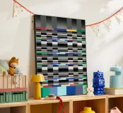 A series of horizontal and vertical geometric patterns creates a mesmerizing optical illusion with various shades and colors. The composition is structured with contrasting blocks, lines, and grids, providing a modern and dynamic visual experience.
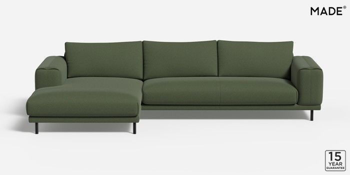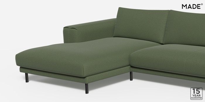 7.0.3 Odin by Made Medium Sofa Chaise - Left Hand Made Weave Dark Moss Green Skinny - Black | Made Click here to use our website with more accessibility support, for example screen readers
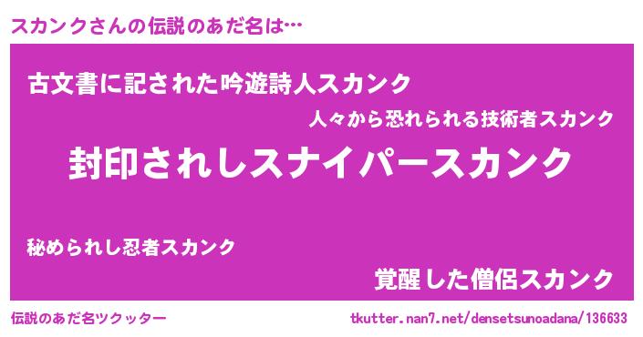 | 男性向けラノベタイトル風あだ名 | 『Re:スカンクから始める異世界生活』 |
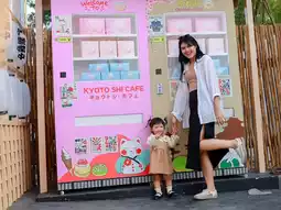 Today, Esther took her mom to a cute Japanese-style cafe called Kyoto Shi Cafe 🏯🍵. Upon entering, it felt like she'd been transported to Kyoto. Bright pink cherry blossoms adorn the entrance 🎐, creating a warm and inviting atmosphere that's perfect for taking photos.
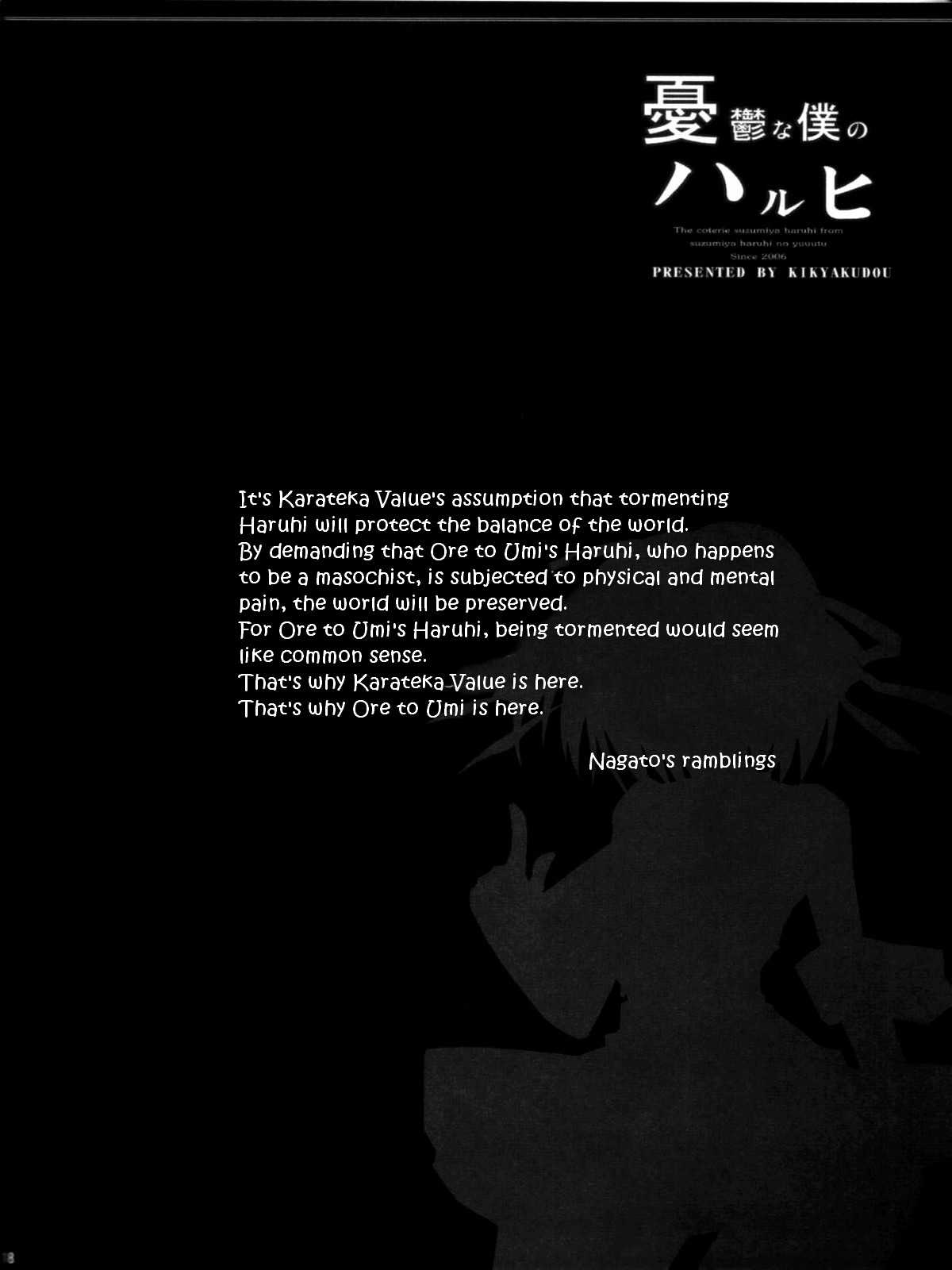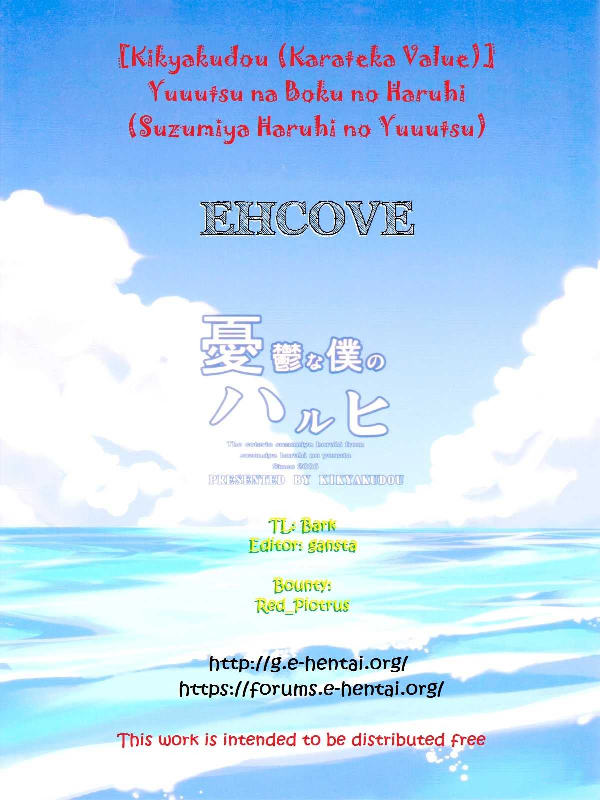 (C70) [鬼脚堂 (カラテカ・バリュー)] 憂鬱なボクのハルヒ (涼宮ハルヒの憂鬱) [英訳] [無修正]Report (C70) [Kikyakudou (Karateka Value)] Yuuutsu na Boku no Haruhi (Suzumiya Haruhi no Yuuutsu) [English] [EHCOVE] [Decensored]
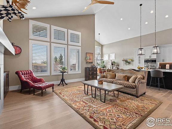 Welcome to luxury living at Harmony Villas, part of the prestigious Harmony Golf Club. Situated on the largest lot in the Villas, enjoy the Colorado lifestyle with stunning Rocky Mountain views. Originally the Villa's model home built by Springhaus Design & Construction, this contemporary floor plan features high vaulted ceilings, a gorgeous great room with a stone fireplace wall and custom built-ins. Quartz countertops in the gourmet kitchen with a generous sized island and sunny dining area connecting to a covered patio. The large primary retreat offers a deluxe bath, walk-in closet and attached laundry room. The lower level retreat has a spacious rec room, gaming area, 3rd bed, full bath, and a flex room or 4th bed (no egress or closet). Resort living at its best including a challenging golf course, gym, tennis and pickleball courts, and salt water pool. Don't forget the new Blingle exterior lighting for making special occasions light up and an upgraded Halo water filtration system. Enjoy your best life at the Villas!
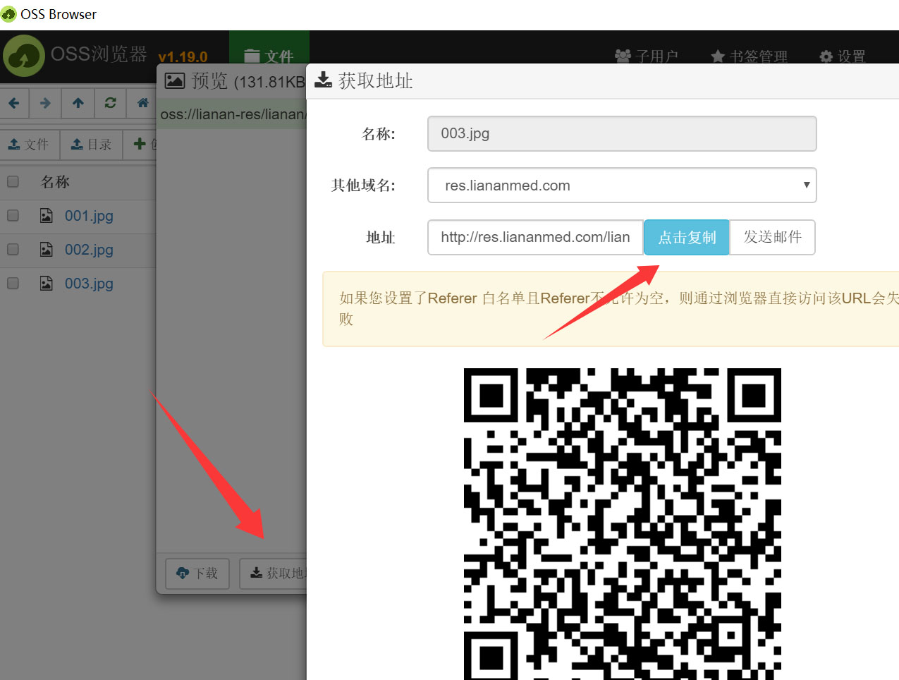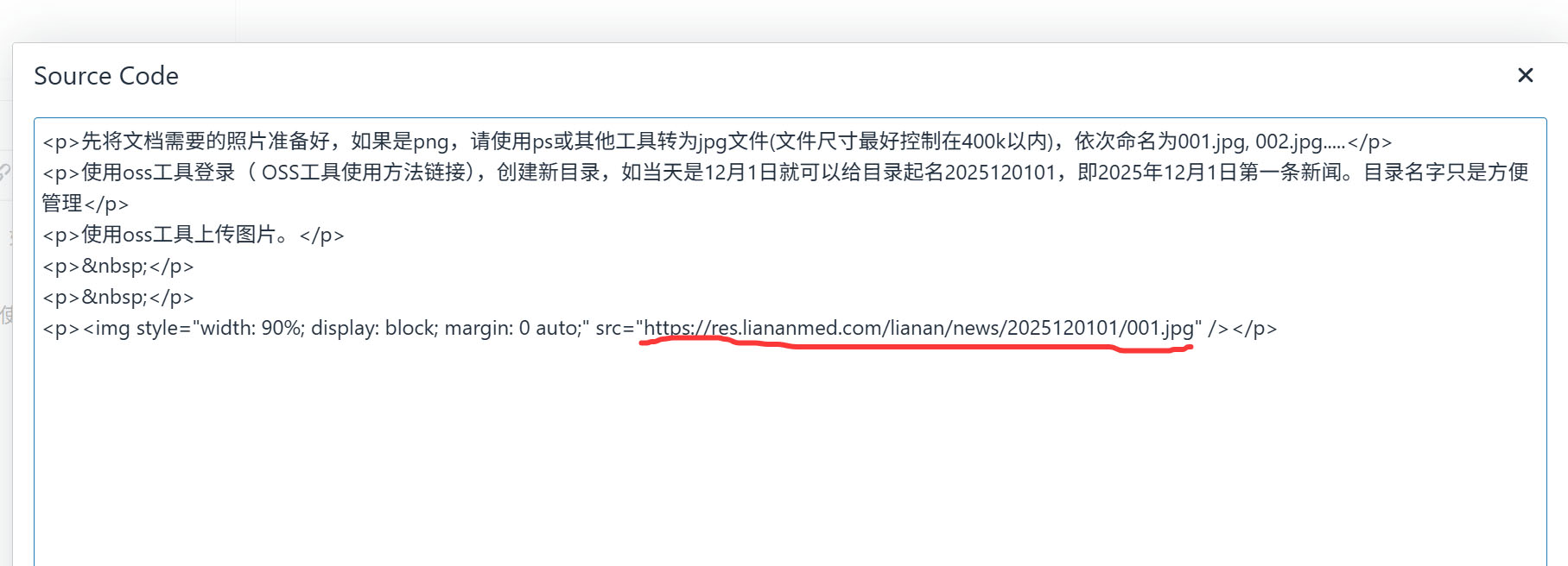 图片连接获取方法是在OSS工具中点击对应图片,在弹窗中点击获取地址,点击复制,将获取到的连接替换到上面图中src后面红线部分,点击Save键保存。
───
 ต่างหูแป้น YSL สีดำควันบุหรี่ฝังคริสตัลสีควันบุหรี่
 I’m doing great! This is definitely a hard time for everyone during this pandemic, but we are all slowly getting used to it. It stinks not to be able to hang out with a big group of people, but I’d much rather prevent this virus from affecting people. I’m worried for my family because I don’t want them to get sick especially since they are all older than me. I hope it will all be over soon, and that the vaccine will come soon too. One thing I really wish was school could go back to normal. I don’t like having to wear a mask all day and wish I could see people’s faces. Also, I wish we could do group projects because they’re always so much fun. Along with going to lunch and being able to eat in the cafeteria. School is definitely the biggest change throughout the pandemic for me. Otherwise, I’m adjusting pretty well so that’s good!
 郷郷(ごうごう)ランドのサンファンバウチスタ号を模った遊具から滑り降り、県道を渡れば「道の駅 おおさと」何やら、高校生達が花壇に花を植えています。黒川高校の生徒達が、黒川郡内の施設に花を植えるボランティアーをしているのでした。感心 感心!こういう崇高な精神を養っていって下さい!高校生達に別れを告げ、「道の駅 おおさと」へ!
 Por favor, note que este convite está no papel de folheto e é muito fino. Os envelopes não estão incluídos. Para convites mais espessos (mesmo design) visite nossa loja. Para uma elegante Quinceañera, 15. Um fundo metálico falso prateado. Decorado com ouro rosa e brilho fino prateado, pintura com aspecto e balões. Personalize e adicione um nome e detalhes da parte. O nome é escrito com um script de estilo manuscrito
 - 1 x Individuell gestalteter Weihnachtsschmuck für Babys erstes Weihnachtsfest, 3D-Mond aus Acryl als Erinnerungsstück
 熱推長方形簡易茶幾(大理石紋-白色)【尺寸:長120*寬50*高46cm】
───
What the exercise asks = Everything above from the line with "A series of" through the line with "(C70) [鬼脚堂 (カラテカ・バリュー)]" should be retyped exactly, and nothing else; omit pictures.

Solution to this problem =
 A series of horizontal and vertical geometric patterns creates a mesmerizing optical illusion with various shades and colors. The composition is structured with contrasting blocks, lines, and grids, providing a modern and dynamic visual experience.
 7.0.3 Odin by Made Medium Sofa Chaise - Left Hand Made Weave Dark Moss Green Skinny - Black | Made Click here to use our website with more accessibility support, for example screen readers
 | 男性向けラノベタイトル風あだ名 | 『Re:スカンクから始める異世界生活』 |
 Today, Esther took her mom to a cute Japanese-style cafe called Kyoto Shi Cafe 🏯🍵. Upon entering, it felt like she'd been transported to Kyoto. Bright pink cherry blossoms adorn the entrance 🎐, creating a warm and inviting atmosphere that's perfect for taking photos.
 (C70) [鬼脚堂 (カラテカ・バリュー)] 憂鬱なボクのハルヒ (涼宮ハルヒの憂鬱) [英訳] [無修正]Report (C70) [Kikyakudou (Karateka Value)] Yuuutsu na Boku no Haruhi (Suzumiya Haruhi no Yuuutsu) [English] [EHCOVE] [Decensored]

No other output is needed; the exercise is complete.